▶ Provided data:

============================================================

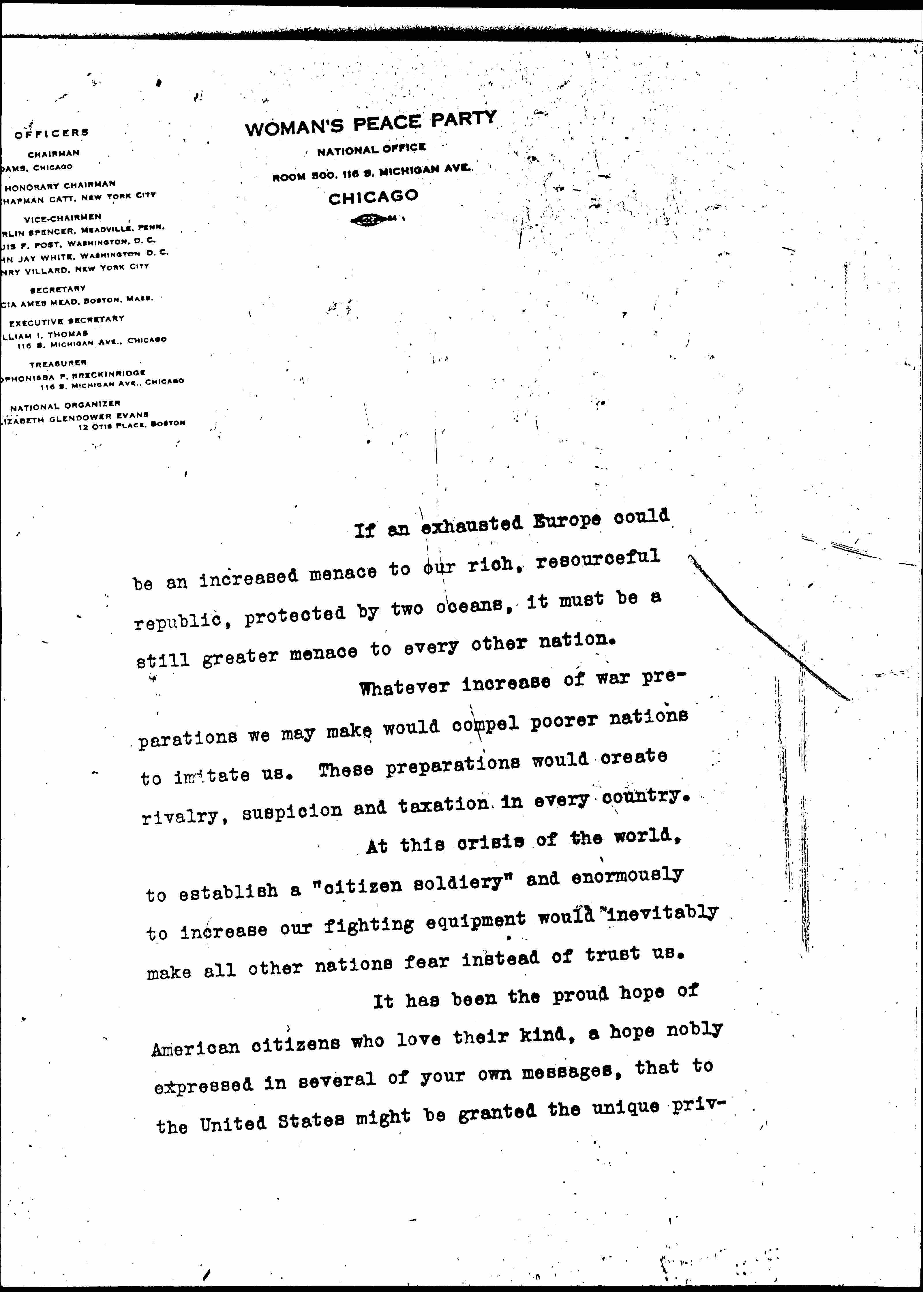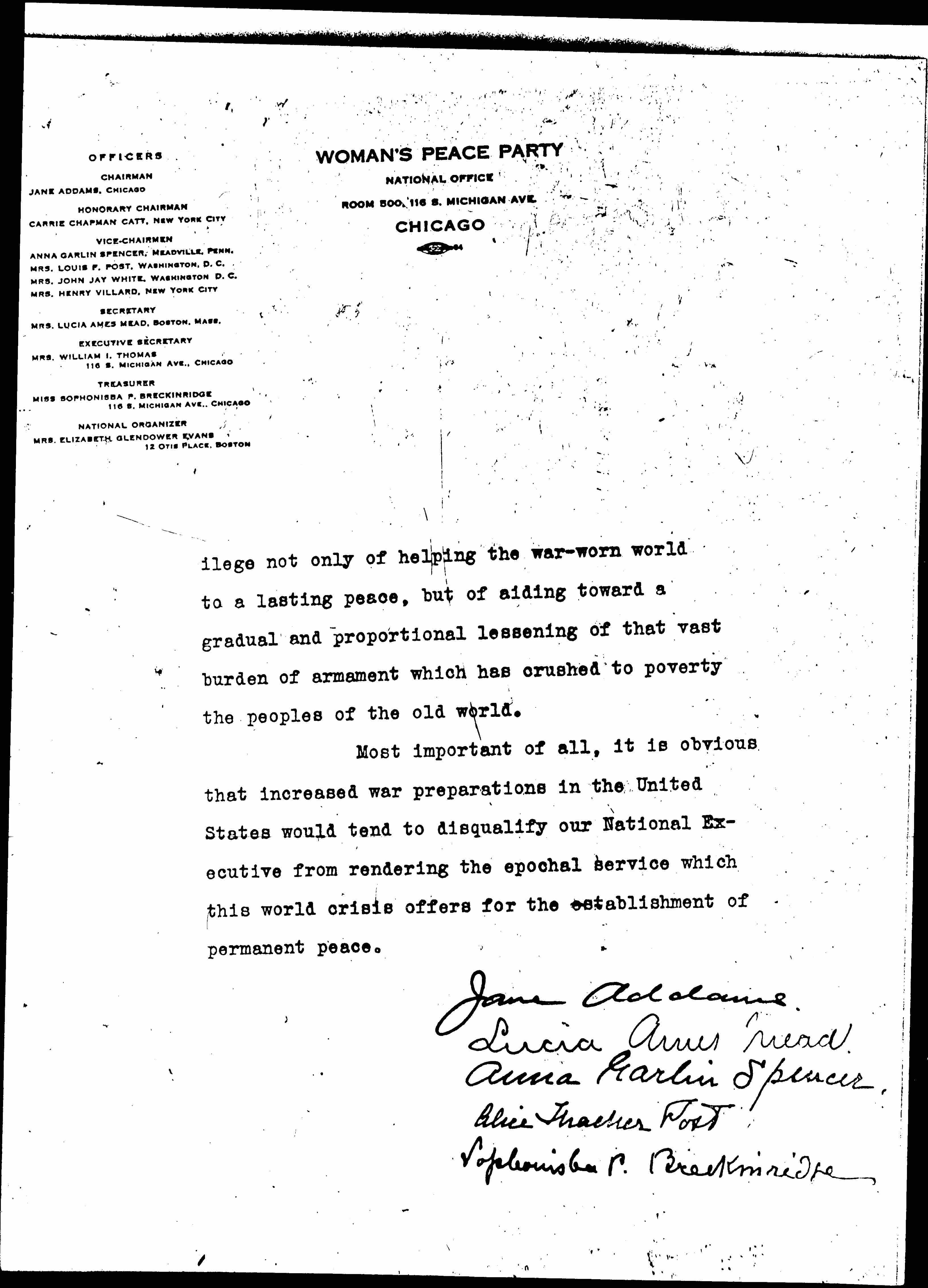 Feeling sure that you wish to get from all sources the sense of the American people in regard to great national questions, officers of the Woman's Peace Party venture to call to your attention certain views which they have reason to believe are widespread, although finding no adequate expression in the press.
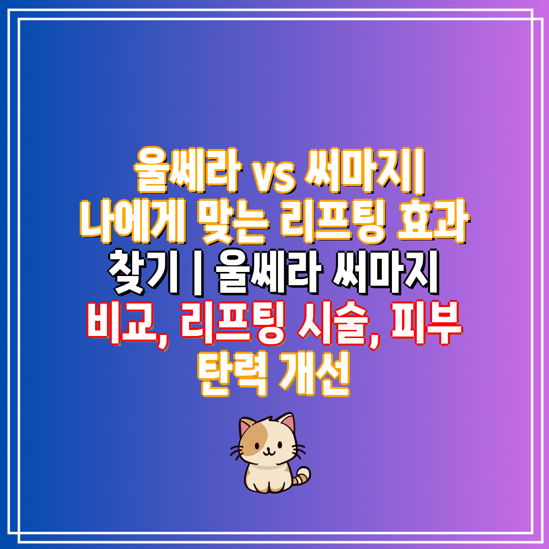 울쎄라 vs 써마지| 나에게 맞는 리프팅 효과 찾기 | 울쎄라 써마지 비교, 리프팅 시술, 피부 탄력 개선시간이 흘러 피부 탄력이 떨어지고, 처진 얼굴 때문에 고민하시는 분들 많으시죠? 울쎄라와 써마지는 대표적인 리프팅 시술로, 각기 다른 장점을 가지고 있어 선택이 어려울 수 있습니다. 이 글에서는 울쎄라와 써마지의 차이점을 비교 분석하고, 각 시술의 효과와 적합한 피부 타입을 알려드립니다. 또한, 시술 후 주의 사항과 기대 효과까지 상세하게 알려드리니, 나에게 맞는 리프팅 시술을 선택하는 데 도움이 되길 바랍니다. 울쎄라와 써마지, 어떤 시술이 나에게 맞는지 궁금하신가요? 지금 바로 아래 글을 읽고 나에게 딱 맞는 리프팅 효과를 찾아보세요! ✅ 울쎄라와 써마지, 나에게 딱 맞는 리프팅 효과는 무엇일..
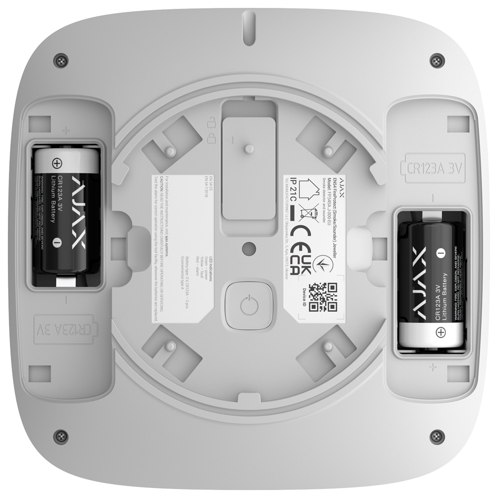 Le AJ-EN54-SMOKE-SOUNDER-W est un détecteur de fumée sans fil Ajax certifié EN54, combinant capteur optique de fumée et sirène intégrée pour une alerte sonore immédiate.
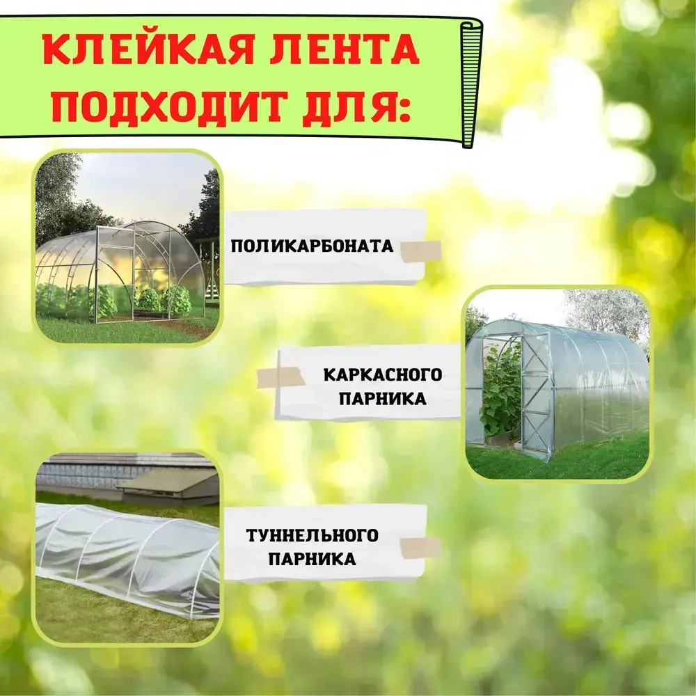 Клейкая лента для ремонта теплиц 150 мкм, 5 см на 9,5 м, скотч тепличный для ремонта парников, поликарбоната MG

============================================================

▶ Task instructions: Leaving aside every picture, transcribe exactly the lines that run from the one with "울쎄라 vs 써마지|" to the close of the listing above.

▶ Task solution:
 울쎄라 vs 써마지| 나에게 맞는 리프팅 효과 찾기 | 울쎄라 써마지 비교, 리프팅 시술, 피부 탄력 개선시간이 흘러 피부 탄력이 떨어지고, 처진 얼굴 때문에 고민하시는 분들 많으시죠? 울쎄라와 써마지는 대표적인 리프팅 시술로, 각기 다른 장점을 가지고 있어 선택이 어려울 수 있습니다. 이 글에서는 울쎄라와 써마지의 차이점을 비교 분석하고, 각 시술의 효과와 적합한 피부 타입을 알려드립니다. 또한, 시술 후 주의 사항과 기대 효과까지 상세하게 알려드리니, 나에게 맞는 리프팅 시술을 선택하는 데 도움이 되길 바랍니다. 울쎄라와 써마지, 어떤 시술이 나에게 맞는지 궁금하신가요? 지금 바로 아래 글을 읽고 나에게 딱 맞는 리프팅 효과를 찾아보세요! ✅ 울쎄라와 써마지, 나에게 딱 맞는 리프팅 효과는 무엇일..
 Le AJ-EN54-SMOKE-SOUNDER-W est un détecteur de fumée sans fil Ajax certifié EN54, combinant capteur optique de fumée et sirène intégrée pour une alerte sonore immédiate.
 Клейкая лента для ремонта теплиц 150 мкм, 5 см на 9,5 м, скотч тепличный для ремонта парников, поликарбоната MG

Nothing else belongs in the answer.